California has adopted the Uniform Division of Income for Tax Purposes Act (UDITPA) (see Rev. & Tax. Code,  25120 et seq.), which it uses to determine what portion of a multistate companys corporate income it may tax.



[2] Redemption receipts constituted approximately 6 percent of the gross receipts factor. Direct sales of securities to third parties (not an issue before the Supreme Court) constituted approximately 4 percent of the gross receipts factor, and repos constituted approximately 90 percent of GMs total gross receipts at issue. (See General Motors, supra, 39 Cal.4th at p. 779.)



[3] It is apparent, however, that the Boards stated intention to also ask the trial court to determine whether GMs certificates of deposits constitute loans or sales for sale factor purposes is beyond the scope of the section 25137 remand. Just because the Supreme Court apparently declined to address the matter does not permit the Board to expand the scope of the remand to include that issue.
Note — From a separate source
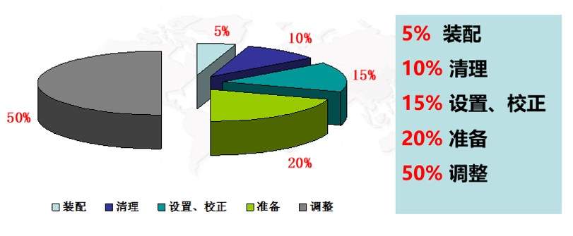 最初使用在汽車制造廠,以達(dá)到快速的模具切換(Exchange of Dies);豐田現(xiàn)場人員經(jīng)過長期探索,將沖壓工序沖床模具裝換調(diào)整所需時(shí)間,從1945年至1954年的3小時(shí),縮短為1970年以后的3分鐘,現(xiàn)在,豐田汽車公司利用設(shè)備快速裝換調(diào)整SMED法,所有大中型設(shè)備的裝換調(diào)整作業(yè)均能在10分鐘之內(nèi)完成。企業(yè)產(chǎn)品切換時(shí)間由4小時(shí)縮短為3分鐘。
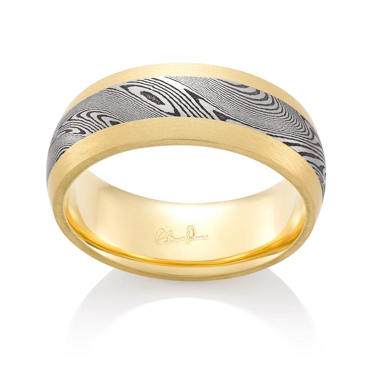 Supernova Precious Damascus Inlay in 18K Yellow Gold Wide Channel

Description This is a franchise tax refund case involving General Motors Corporation and its affiliated corporations (collectively, GM). The case is before us pursuant to a remand from the Supreme Court in General Motors Corp. v. Franchise Tax Bd. (2006) 39 Cal.4th 773 (hereinafter, General Motors), which affirmed in part and reversed in part the judgment of this court and remand[ed] the case for further proceedings consistent with the discussion herein and in Microsoft Corporation [v. Franchise Tax Bd. (2006)] 39 Cal.4th 750 [hereinafter, Microsoft] (General Motors, at p. 793), which was the companion case to the case herein. The matter is remanded to the trial court to allow the Board to make its section 25137 case, and for the trial court to resolve the matter consistent with the discussion in the General Motors and Microsoft cases.